Where everything is located around the house, I'm not putting multiple culverts in down the driveway. That would look horrible....

I might put one culvert in at the bottom of driveway and then run french drains along the length of the driveway and under driveway at two different points.

One issue I will have, I share a driveway with my neighbor. So when I finish the driveway it will only be 2/3 finished. Not going to put money into a driveway the will wash out of be under cut because they won't concrete or blacktop their section.
 
   / My Homestead in the making..... #8  
<snip> Never use a french drain instead of a culvert. French drains are more for appearances around a house, and tend to fail rather quickly. <snip>
French drains definitely have their applications. My house in Virginia is on 1/4 acre suburban lot surrounded by other lots of that size. At the southeast corner there is about 10 feet of concrete culvert which drains to the fields about 75 yards away. the drain into that was a slight ditch about 5 yards in from my rear property line and parallel to it. I also have a sump pump that the #$%^ builder drained to the middle of the back yard (which is relatively flat) about 10 yards from the house. This then drained to the ditch. In the pic red is property line, turquoise is drain.

Hereford-w-drain.jpg

The first couple years I put up with it. The back yard would flood in the spring and we would have a skating rink, mowing was a pain maneuvering around the ditches. Finally about 1987 I replaced both ditches with a hand dug french drain. I dug the ditch, put in a few inches of river washed gravel, laid a 4"(?) Perforated flexible plastic drain pipe down, laid a piece of tar paper over that (to cover the top holes), threw in a little more gravel, covered with dirt and sowed grass.
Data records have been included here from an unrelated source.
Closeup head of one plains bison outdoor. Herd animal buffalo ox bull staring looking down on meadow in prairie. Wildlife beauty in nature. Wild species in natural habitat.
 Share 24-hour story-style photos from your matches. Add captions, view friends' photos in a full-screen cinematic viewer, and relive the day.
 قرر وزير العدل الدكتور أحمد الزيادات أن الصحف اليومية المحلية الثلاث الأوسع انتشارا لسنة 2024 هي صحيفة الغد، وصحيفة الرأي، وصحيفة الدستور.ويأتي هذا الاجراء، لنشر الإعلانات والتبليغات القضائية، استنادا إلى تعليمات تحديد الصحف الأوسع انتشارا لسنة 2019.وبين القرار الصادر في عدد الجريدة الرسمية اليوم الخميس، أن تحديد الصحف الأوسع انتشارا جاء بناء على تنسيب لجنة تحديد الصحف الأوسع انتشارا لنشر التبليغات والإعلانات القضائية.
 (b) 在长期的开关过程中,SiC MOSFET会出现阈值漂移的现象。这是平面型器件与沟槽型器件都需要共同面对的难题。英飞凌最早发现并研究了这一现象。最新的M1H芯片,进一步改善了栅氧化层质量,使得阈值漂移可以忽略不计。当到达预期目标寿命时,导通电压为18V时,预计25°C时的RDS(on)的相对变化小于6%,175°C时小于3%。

I expected it to last about 10 years before it filled with silt. It's lasted since '87. If 30 years is rather quickly I'll put up with it.
 
   / My Homestead in the making.....
  • Thread Starter
#9  
Time for an update, it's raining today so there isn't much going to be happening for a couple days till it drains and dries out a bit.

First, for all the dog lovers.....My big baby


Took a trip to the store to get some gardening supplies, about that time to start sowing seeds indoors and getting ready for the upcoming canning season.
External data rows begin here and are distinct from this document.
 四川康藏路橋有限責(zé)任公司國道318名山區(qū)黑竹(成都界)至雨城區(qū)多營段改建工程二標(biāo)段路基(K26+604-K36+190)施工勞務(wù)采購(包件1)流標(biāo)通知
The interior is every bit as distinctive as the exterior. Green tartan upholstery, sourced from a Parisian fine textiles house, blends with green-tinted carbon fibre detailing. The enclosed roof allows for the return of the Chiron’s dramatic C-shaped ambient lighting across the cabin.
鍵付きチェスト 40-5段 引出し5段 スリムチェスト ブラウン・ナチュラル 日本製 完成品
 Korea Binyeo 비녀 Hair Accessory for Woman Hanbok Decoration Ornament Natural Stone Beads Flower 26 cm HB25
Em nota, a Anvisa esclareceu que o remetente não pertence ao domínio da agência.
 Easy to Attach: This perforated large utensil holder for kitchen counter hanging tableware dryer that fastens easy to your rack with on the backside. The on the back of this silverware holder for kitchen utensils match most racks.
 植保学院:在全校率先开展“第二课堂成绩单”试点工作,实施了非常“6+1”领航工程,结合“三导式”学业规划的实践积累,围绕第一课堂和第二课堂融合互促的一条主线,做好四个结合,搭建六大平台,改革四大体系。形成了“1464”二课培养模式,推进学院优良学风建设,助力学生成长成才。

Starting the clearing of brush, took advantage of the wet weather and burned the pile in place. Of course I had tools and a water hose just in case it got a little bigger than I prepared for. All was good and at the end of the day I have a 2 foot thick bed of coals, I burned a lot of wood yesterday.


 
   / My Homestead in the making..... #10  
I am on 3 acres and in order to build my workshop, I had to dry out an area that was saturated due to hydraulic pressure from basins uphill from it. That was what the geologist said, and he recommended the french drain. I ran an 85ft french drain behind the shop area that is 3ft deep at the deepest end. The ditch is lined with cloth designed for them, and the cloth covered 4" perforated pipe sits on a 3" or so, base of gravel, and the rest is back filled with gravel to about 3" below surface. Then the cloth goes over the top of the gravel, and dirt covers the cloth.

That area dried right up. We had 33" of rain that year, and 40 the next. Kept the flood waters at bay.

I also have culverts under the driveway in front of the shop, and near the main house. Each has it purpose.